In the embodiment of the present disclosure, based on the time point of the network clock when the source device sends the IP data packet, counting is started from sending the IP data packet by the source device, and the router determines the time point corresponding to the first time by counting. In other words, through counting and the first time included in the IP data packet, the router determines the time point to send the IP data packet.

In an exemplary embodiment of the present disclosure, the router identifier can be a router address. In some embodiments of the present disclosure, the router identifier refers to a plurality of router identifiers included in a routing flow table, and the plurality of router identifiers respectively correspond to the first time. The plurality of router identifiers correspond to a plurality of routers.

In the embodiment of the present disclosure, for a respective router of the plurality of routers, it forwards the IP data packet based on the corresponding first time and the router address of the next router.

For example, an IP data packet includes an IP address of a source device, an IP address of a destination device, router identifiers for transmitting the IP data packet, and a first time corresponding to the router identifiers. The router identifiers for transmitting the IP data packet can be placed in the IP data packet in the form of a routing flow table. The routing flow table includes a plurality of router addresses for transmitting the IP data packet. As mentioned above, each router address corresponds to the first time. For example, if the routing flow table includes N router addresses for transmitting the IP data packet, N router addresses correspond to the first time respectively. A router address A corresponds to first time A; a router address B corresponds to first time B; . . . ; and a router address N corresponds to first time N.

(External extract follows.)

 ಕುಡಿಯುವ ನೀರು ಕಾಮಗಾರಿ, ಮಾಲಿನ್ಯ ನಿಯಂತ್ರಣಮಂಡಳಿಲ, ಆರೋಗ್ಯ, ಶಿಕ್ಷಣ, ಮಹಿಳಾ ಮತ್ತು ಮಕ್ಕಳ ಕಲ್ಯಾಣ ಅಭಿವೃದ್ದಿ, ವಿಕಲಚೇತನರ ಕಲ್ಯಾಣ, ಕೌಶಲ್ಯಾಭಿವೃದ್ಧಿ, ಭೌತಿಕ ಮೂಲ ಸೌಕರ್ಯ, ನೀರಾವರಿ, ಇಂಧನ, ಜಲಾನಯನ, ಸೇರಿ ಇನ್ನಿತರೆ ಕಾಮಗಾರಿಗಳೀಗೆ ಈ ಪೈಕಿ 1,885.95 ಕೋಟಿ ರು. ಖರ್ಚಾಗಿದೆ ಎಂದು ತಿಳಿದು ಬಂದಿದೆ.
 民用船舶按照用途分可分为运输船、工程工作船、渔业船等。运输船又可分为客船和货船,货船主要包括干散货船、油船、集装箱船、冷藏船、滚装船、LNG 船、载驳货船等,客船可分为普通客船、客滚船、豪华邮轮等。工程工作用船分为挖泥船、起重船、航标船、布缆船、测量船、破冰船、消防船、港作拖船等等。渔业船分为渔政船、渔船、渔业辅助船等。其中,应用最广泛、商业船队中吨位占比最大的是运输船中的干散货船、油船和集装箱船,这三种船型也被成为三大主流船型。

In the embodiment of the present disclosure, the IP data packet is sent from the source device and transmitted in the order of router addresses in the routing flow table. In an embodiment, the router address B is taken as an example. In response to the router address B receiving the IP data packet, the first time B corresponding to the router address B in the IP data packet and a next router address C are determined. After the IP data packet is processed at the router address B, the IP data packet is sent to the next hop (i.e., the next router address C) in the routing flow table at the first time B, until the IP data packet is transmitted to the destination address.

In an embodiment, based on the first time corresponding to the last router address for transmitting the IP data packet and the second time when the last router address for transmitting the IP data packet jumps to the destination IP address for transmitting the IP data packet, the time when the destination device corresponding to the destination address receives the IP data packet is determined.

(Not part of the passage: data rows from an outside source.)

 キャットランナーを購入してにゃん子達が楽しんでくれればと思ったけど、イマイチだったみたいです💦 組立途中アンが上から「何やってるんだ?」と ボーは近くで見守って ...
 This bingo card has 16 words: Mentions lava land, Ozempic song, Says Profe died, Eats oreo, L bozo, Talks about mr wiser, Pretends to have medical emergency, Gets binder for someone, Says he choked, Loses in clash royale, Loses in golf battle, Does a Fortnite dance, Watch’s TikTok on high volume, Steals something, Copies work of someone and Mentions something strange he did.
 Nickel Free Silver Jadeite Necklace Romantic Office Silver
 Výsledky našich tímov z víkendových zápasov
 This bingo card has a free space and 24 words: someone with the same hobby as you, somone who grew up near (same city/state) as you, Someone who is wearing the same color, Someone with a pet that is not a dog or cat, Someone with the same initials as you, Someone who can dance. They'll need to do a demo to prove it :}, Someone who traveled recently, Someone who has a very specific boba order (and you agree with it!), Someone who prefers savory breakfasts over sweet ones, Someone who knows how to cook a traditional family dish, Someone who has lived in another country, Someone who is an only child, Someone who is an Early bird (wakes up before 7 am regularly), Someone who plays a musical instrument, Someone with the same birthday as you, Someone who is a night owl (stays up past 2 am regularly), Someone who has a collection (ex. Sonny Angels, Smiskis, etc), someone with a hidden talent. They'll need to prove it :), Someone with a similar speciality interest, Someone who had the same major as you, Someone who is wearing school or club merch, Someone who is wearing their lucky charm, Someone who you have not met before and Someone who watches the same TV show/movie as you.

In the embodiment of the present disclosure, the IP data packet further includes hop count field information.

In the embodiment of the present disclosure, the hop count field information includes a number of hops. The number of hops includes a total number of hops between routers identified by the router identifiers, and a number of hops that the router corresponding to the previous router address of the destination IP address jumps to the destination IP address for transmitting the IP data packet. For example, if N router addresses are included in the routing flow table, the number of hops included in the hop count field information is N+1. In other words, the hop count field information in the IP data packet is the field of N+1.

Based on the same concept, there is further provided a data packet transmission apparatus in an embodiment of the present disclosure.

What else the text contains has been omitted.